From 26f6e18eb117ca7b080d01acb453fd1c9742418d Mon Sep 17 00:00:00 2001
From: Christopher Manning <cmanning@gmail.com>
Date: Sat, 24 Oct 2015 09:52:28 -0700
Subject: [PATCH] Mention need for whitespace tokenization

---
 README | 2 +-
 1 file changed, 1 insertion(+), 1 deletion(-)

diff --git a/README b/README
index 7100343..2f5c7ae 100644
--- a/README
+++ b/README
@@ -9,7 +9,7 @@ http://nlp.stanford.edu/projects/glove/
 
 This package includes four main tools:
 1) vocab_count
-Constructs unigram counts from a corpus, and optionally thresholds the resulting vocabulary based on total vocabulary size or minimum frequency count.

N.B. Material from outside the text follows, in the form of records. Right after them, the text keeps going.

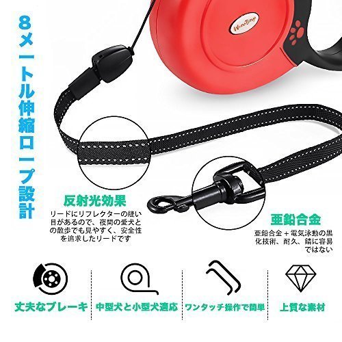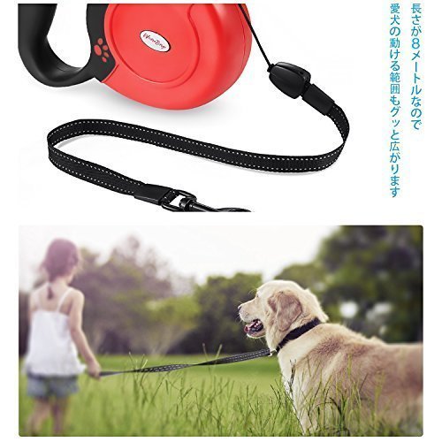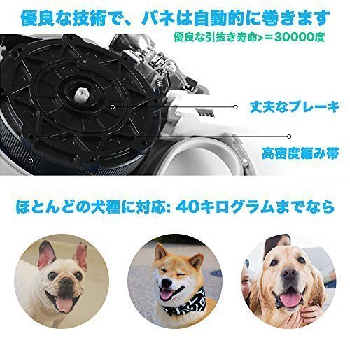 - 巻き取り式のドッグリードは、毎日のお散歩中、愛犬を遠くからコントロールできるよう設計されています。最長8メートルまで伸ばせるので、限度範囲の中であっても、愛犬を安全な距離を保ちながら自由に歩き回らせてあげられます。
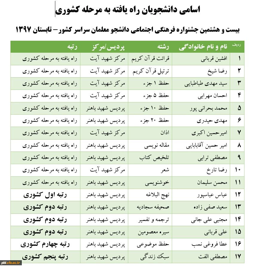 امتیاز دهید : نتایج بیست و هشتمین جشنواره فرهنگی اجتماعی دانشجو معلمان سراسر کشور- تابستان 1397 2 شنبه 6 مرداد 1397 ساعت 9:25
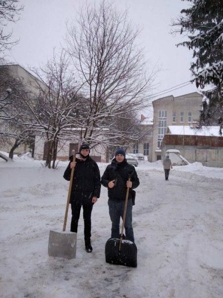 У Тернополі керівник і волонтери молодіжної організації «Сильні серцем» допомагали прибирати сніг у пік зимової негоди.
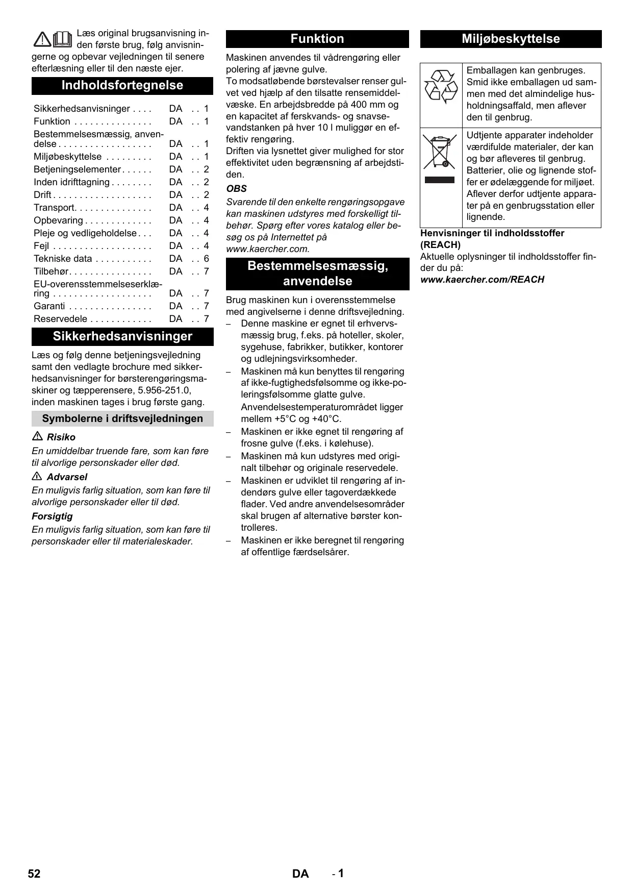 DA . . 7 DA . . 7 DA . . 7 Sikkerhedsanvisninger Læs og følg denne betjeningsvejledning samt den vedlagte brochure med sikkerhedsanvisninger for børsterengøringsmaskiner og tæpperensere, 5.956-251.0, inden maskinen tages i brug første gang. Symbolerne i driftsvejledningen Risiko En umiddelbar truende fare, som kan føre til alvorlige personskader eller død. 몇 Advarsel En muligvis farlig situation, som kan føre til alvorlige personskader eller til død. Forsigtig En muligvis farlig situation, som kan føre til personskader eller til materialeskader.

+Constructs unigram counts from a corpus, and optionally thresholds the resulting vocabulary based on total vocabulary size or minimum frequency count. This file should already consist of whitespace-separated tokens. Use something like the Stanford Tokenizer (http://nlp.stanford.edu/software/tokenizer.shtml) first on raw text.
 2) cooccur
 Constructs word-word cooccurrence statistics from a corpus. The user should supply a vocabulary file, as produced by 'vocab_count', and may specify a variety of parameters, as described by running './cooccur'.
 3) shuffle